Open hamiddashti opened 5 years ago
I've only run pestpp on a slurm cluster a few times, but it scaled well (up to 1000 workers). @mwtoews provided me with the slurm scripts - maybe he has some insights about your scripts?
I haven't seen any scaling issues with slurm, but perhaps we're using different paradigms.

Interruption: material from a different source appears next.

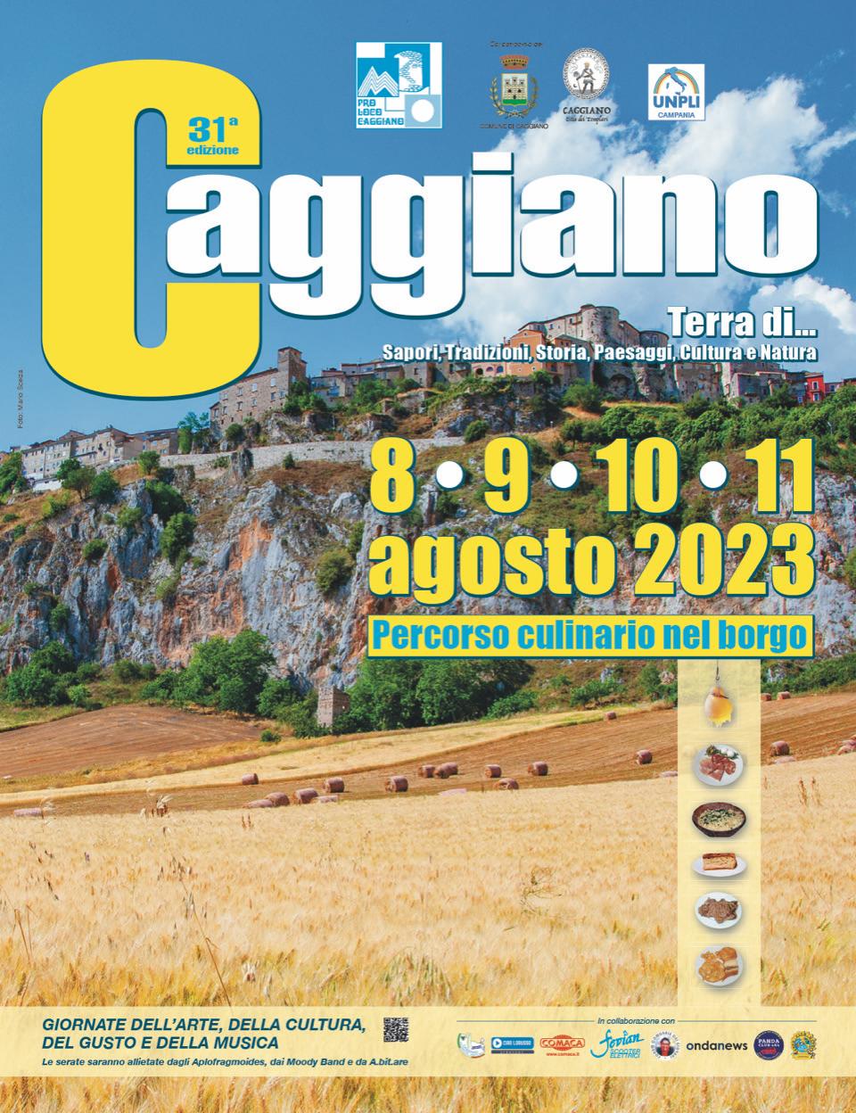 A partire da martedì 8 agosto e fino a venerdì 11 agosto, le vie del borgo di Caggiano ospiteranno la 31^ edizione del Percorso Culinario- Terra di…Sapori, Tradizioni, Storia, Passioni, Cultura e Natura. La manifestazione si svolgerà, come di consuetudine, lungo le vie di Caggiano per degustare i 5 piatti della tradizione culinaria:
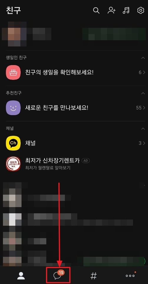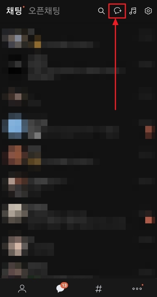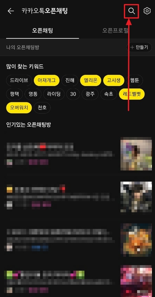 우측 상단에 오픈 채팅을 클릭하고 다시 우측 상단에 돋보기 버튼(검색 버튼)을 클릭합니다.

My pest[pp*|_hp] runs with Slurm consist of one master job, and one or more worker jobs. The master normally requests more RAM for inversions, and the workers only request the amount of RAM needed to run the simulations, which is often different (usually smaller). The workers are submitted as a multiple program configuration with srun --multi-prog multi.conf
.
Here are some partial bits of the four files used to orchestrate Slurm runs.
master.sl
#!/bin/bash
#SBATCH --job-name=master
#SBATCH --ntasks=1
#SBATCH --mem-per-cpu=4G
#...
# Kick off master
srun master.sh /path/to/master pestpp-ies file.pst
master.sh
#!/bin/bash
set -e
pstbin=$1
pstdir=$2
pstfile=$3
pstflg=$4
cd "$pstdir"
# Get available port from host, write master.txt for workers
masterport=`python - <<EOF
import socket
s = socket.socket()
s.bind(('', 0))
print(s.getsockname()[1])
s.close()
EOF`
echo `hostname -s`:$masterport > master.txt
echo "Starting master: $pstbin $pstfile $pstflg /H :$masterport"

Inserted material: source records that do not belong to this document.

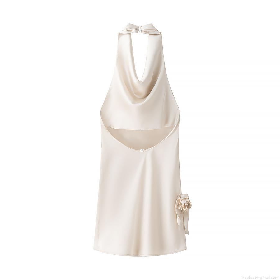 • Women's Sexy Halter Backless Satin Mini Dress With 3D Flower Decoration Ruched A-Line Party Cocktail Dress Summer Vacation Clubwear Outfits Beige 100% Polyester
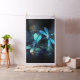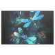 Duas libélulas transparentes, luminosas, turquesas, desenhadas artisticamente sobre fundo noturno, com algas e vagalumes luminescentes do lago. Dragonfly brilhante.
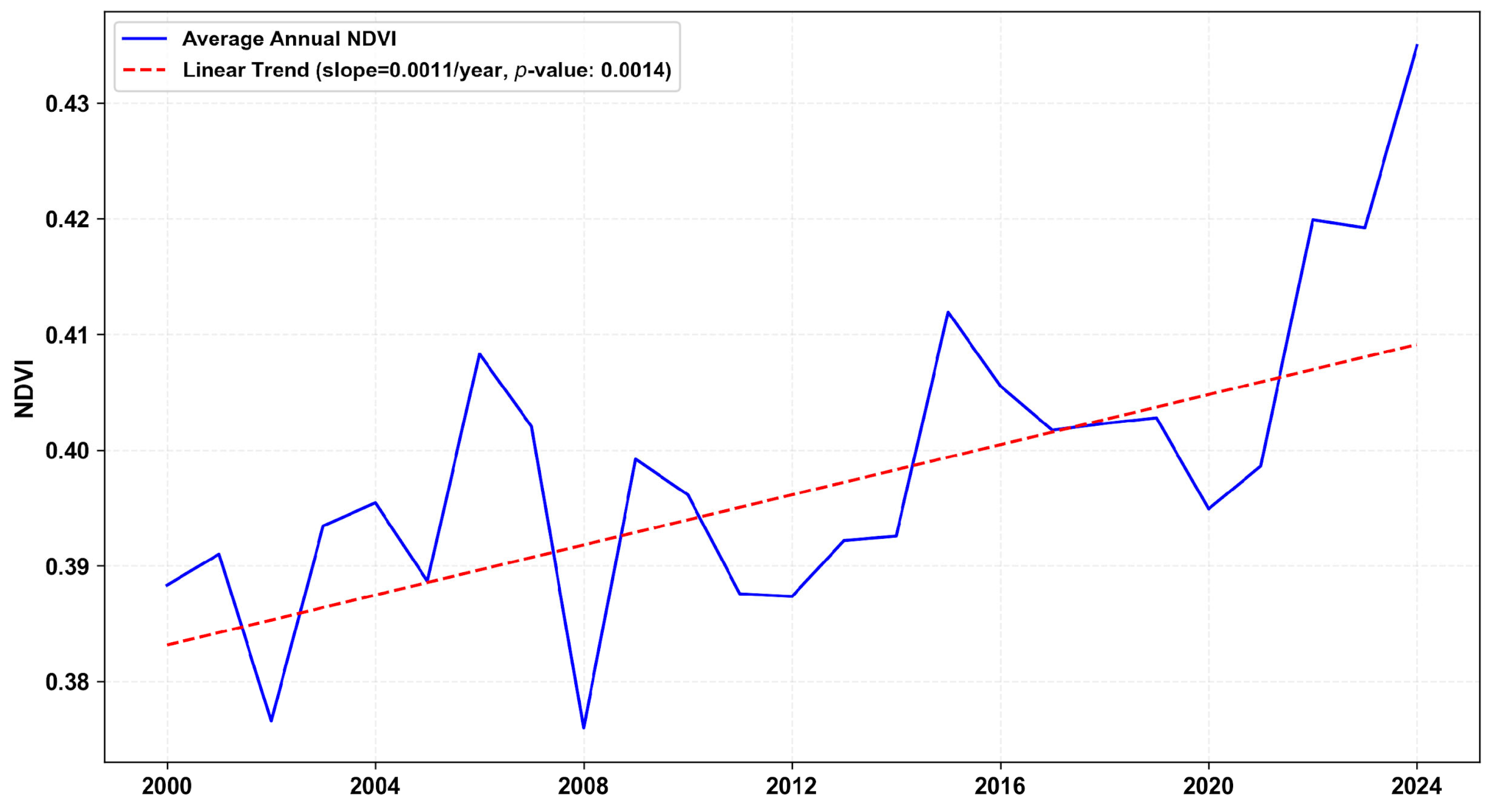 - Baniya, B.; Tang, Q.; Huang, Z.; Sun, S.; Techato, K. Spatial and Temporal Variation of NDVI in Response to Climate Change and the Implication for Carbon Dynamics in Nepal. Forests 2018, 9, 329. [Google Scholar] [CrossRef]

$pstbin $pstfile $pstflg /H :$masterport
workers.sh
#!/bin/bash
#SBATCH --job-name=workers-1
#SBATCH --ntasks=100
#SBATCH --mem-per-cpu=300M
#...
export PST_BIN=pestpp-ies
export MASTER_DIR=/path/to/master
export PST_FILE=file.pst
export PUT_DIR=/path/to/source/files
# Create a file for multi-prog srun
cd /scratch/workers/1 # this worker directory needs to be adjusted for each submission
touch multi.conf
for (( N=0; N<$SLURM_NTASKS; N++)); do
echo "$N workers.sh $PST_BIN $MASTER_DIR $PST_FILE $PUT_DIR $N" >> multi.conf
done
# Kick off workers
srun --multi-prog multi.conf
workers.sl
#!/bin/bash
set -e
pstbin=$1
pstdir=$2
pstfile=$3
putdir=$4
instance=$5
cp -rp $putdir $instance
cd $instance
echo "Worker `hostname -s` running in `pwd`"

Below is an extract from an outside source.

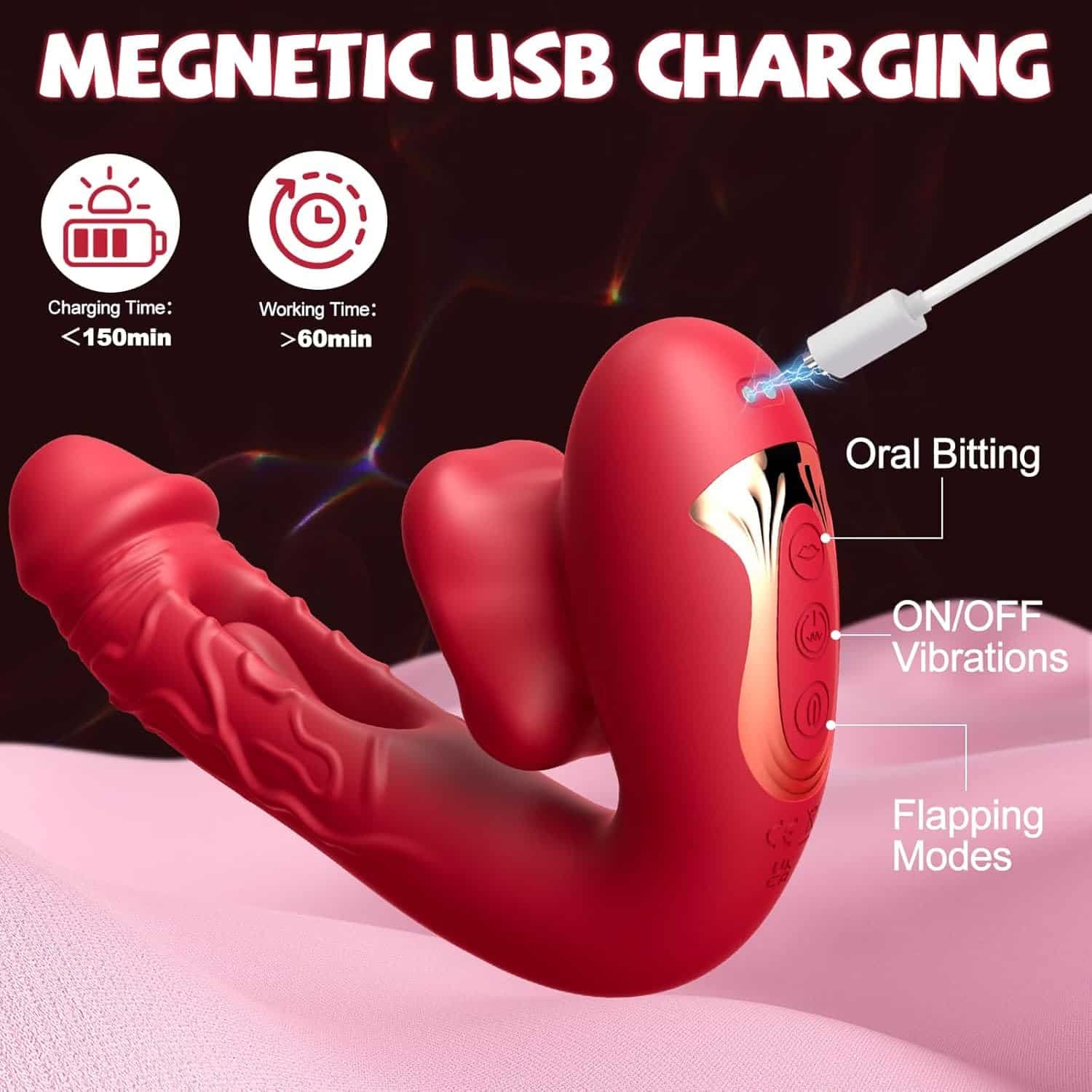 Customizable Pleasure Modes:10 vibrating, flapping, and licking – biting patterns. Separate buttons for individual or simultaneous use, ideal for solo or couple play.

# Get master hostname and port
masterpath=$pstdir/master.txt
masterhostport=$(cat "$masterpath")
echo "Starting worker: $pstbin $pstfile /H $masterhostport"
$pstbin $pstfile /H $masterhostport
So I'd usually do a sbatch master.sl
to start the master, then do sbatch workers.sl
one or more times after the master has started with a separate suite of worker directories, and often different ntasks, depending on how busy the HPC is. Hope this helps!
Thank you @jtwhite79 and @mwtoews . We are working on it and hopefully, it will be resolved. I'll keep you posted.
@hamiddashti did you get the pestpp/SLURM setup working well? I'm running into possibly the same issue, where it is running slower as a SLURM job than at an interactive prompt. I will try @mwtoews solution but I thought maybe you'd found something simpler. Thanks-
This issue might not be really related to the pestpp itself and might be more of my bash scripting or our cluster setup. I'm using a cluster with 16 nodes and each node carry 28 cores. I can run the the pestpp-gsa in parallel using worker/slave on one node with the slurm script as below:
#!/bin/bash
#SBATCH -n 1 # total number of tasks requested
#SBATCH --cpus-per-task=1 # cpus to allocate per task
#SBATCH -p shortq # queue (partition) -- defq, eduq, gpuq.
#SBATCH -t 12:00:00 # run time (hh:mm:ss) - 12.0 hours in this.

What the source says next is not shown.